◆ **EXERCISE DATA**
"""
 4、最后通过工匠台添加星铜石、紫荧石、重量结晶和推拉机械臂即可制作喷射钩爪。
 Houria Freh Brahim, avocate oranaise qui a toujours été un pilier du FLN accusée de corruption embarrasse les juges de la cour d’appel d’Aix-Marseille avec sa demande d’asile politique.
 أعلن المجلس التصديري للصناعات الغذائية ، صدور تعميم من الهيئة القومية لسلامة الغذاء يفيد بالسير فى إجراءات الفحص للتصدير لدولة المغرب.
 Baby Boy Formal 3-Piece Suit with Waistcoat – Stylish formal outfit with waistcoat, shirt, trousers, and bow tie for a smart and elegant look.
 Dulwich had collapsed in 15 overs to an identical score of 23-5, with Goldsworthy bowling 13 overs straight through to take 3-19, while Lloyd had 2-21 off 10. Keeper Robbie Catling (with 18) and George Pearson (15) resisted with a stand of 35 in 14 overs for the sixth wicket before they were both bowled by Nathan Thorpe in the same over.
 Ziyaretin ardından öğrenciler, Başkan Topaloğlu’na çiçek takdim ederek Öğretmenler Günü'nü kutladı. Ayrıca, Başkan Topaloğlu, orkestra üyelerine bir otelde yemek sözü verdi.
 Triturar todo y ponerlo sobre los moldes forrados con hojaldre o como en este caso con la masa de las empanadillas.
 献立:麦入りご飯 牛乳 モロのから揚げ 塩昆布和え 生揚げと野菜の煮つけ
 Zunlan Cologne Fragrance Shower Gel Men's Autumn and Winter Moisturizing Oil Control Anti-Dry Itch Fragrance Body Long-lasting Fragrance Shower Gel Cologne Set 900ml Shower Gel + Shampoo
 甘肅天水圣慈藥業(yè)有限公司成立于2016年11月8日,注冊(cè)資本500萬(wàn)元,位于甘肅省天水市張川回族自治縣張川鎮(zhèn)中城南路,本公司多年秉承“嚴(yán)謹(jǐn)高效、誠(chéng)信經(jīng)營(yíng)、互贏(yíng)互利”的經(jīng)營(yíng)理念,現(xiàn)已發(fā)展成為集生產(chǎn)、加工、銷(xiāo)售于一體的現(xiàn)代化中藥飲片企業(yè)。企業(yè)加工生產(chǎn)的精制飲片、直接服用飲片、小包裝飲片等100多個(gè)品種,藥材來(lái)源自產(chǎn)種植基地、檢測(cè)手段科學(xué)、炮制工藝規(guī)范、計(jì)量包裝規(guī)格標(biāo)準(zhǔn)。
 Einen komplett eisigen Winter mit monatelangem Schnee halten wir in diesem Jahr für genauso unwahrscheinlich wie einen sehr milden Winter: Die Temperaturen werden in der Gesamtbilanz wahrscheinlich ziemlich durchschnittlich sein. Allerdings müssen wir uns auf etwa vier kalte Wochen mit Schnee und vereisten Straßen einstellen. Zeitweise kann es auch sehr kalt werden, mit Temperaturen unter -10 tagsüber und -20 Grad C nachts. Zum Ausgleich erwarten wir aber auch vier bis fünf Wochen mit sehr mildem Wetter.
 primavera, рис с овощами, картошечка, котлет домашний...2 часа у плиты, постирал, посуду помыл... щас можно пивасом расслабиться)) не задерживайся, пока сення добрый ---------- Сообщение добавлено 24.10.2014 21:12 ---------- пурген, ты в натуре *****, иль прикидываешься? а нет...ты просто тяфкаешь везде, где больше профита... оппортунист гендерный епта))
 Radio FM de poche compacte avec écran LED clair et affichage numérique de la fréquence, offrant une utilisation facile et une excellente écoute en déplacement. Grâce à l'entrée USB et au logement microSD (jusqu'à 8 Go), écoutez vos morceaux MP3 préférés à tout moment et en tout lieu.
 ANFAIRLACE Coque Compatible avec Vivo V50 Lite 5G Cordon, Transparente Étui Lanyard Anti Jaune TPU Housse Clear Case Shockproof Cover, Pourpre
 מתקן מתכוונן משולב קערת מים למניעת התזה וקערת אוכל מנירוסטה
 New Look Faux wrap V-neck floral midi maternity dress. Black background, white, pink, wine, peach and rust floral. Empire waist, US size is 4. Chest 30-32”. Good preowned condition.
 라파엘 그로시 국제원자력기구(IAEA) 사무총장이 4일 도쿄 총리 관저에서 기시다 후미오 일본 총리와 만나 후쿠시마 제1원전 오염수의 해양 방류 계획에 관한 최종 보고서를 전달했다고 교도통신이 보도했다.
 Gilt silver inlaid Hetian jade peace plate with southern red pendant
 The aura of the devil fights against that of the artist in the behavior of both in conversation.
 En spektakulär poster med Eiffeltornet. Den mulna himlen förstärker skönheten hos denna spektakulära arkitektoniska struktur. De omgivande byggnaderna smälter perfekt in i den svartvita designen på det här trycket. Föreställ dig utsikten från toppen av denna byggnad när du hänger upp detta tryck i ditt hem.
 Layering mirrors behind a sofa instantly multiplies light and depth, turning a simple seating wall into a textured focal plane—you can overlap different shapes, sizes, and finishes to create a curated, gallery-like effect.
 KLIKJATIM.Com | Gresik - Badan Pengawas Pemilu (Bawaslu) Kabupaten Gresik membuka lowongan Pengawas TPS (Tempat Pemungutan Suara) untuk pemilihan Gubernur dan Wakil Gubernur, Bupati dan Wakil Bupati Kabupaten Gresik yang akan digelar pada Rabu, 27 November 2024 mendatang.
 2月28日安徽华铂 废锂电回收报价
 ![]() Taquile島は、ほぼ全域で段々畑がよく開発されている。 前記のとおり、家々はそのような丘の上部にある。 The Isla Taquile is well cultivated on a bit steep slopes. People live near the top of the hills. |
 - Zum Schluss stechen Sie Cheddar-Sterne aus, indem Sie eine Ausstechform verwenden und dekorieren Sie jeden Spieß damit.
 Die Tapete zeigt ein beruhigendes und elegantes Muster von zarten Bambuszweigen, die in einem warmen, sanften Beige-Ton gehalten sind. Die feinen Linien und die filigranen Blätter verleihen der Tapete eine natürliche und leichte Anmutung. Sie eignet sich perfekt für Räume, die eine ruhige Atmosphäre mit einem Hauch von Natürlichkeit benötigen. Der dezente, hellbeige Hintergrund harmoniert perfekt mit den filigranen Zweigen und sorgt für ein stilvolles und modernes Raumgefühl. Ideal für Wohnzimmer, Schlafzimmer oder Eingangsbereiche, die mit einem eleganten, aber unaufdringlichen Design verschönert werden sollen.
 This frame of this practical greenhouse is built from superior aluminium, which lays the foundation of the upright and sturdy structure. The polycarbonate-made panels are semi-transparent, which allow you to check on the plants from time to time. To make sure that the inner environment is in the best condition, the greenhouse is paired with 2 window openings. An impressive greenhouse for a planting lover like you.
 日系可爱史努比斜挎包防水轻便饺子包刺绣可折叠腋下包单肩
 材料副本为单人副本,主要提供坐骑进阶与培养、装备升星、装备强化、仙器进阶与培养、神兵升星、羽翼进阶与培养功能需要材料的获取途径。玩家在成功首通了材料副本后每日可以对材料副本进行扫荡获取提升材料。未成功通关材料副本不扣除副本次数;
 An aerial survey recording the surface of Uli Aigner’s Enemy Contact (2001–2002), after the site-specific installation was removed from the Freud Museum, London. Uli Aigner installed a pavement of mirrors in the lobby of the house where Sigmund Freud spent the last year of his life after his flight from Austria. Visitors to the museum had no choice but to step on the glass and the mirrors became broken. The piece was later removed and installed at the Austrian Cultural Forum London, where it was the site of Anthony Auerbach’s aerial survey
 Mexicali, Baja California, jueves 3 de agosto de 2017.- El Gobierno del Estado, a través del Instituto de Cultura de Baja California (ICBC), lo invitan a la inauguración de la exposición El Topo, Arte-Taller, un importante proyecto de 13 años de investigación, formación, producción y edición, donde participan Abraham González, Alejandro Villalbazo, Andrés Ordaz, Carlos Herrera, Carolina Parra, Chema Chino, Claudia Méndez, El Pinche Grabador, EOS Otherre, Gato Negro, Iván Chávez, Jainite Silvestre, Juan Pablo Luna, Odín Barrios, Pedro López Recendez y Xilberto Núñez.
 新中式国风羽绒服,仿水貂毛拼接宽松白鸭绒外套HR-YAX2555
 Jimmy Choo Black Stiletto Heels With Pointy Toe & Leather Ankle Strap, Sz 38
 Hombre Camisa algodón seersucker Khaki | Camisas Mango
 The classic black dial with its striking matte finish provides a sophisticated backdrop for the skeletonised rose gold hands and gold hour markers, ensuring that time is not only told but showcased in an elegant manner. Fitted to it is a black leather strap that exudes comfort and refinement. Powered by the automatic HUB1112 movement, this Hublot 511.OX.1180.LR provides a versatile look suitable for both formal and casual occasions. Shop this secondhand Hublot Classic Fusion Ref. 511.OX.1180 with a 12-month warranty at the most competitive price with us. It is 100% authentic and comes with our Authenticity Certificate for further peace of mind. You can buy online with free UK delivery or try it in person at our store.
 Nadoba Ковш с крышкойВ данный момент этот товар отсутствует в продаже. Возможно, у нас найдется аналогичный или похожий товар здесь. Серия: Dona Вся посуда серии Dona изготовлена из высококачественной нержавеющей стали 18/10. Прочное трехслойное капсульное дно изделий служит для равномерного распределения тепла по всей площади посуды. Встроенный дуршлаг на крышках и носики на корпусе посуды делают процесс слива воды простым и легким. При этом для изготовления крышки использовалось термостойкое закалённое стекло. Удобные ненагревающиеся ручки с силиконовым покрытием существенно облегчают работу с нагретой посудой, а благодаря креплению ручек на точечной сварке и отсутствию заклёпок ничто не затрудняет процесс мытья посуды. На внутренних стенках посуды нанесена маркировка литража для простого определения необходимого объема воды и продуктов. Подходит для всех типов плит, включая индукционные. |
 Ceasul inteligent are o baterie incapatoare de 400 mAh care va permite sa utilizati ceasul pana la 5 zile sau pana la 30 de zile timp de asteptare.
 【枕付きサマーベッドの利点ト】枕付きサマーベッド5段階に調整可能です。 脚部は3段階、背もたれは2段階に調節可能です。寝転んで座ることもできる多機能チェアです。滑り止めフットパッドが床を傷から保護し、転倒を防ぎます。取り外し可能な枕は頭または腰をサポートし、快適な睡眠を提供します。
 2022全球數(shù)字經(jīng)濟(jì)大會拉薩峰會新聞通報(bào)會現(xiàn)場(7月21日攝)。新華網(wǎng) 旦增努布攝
"""
◆ **WORK TO COMPLETE**
Everything in the material above from the line that has "Houria Freh Brahim, avocate" through the line that has "أعلن المجلس التصديري" must be duplicated exactly, with no other lines given.

◆ **FINISHED EXERCISE**
 Houria Freh Brahim, avocate oranaise qui a toujours été un pilier du FLN accusée de corruption embarrasse les juges de la cour d’appel d’Aix-Marseille avec sa demande d’asile politique.
 أعلن المجلس التصديري للصناعات الغذائية ، صدور تعميم من الهيئة القومية لسلامة الغذاء يفيد بالسير فى إجراءات الفحص للتصدير لدولة المغرب.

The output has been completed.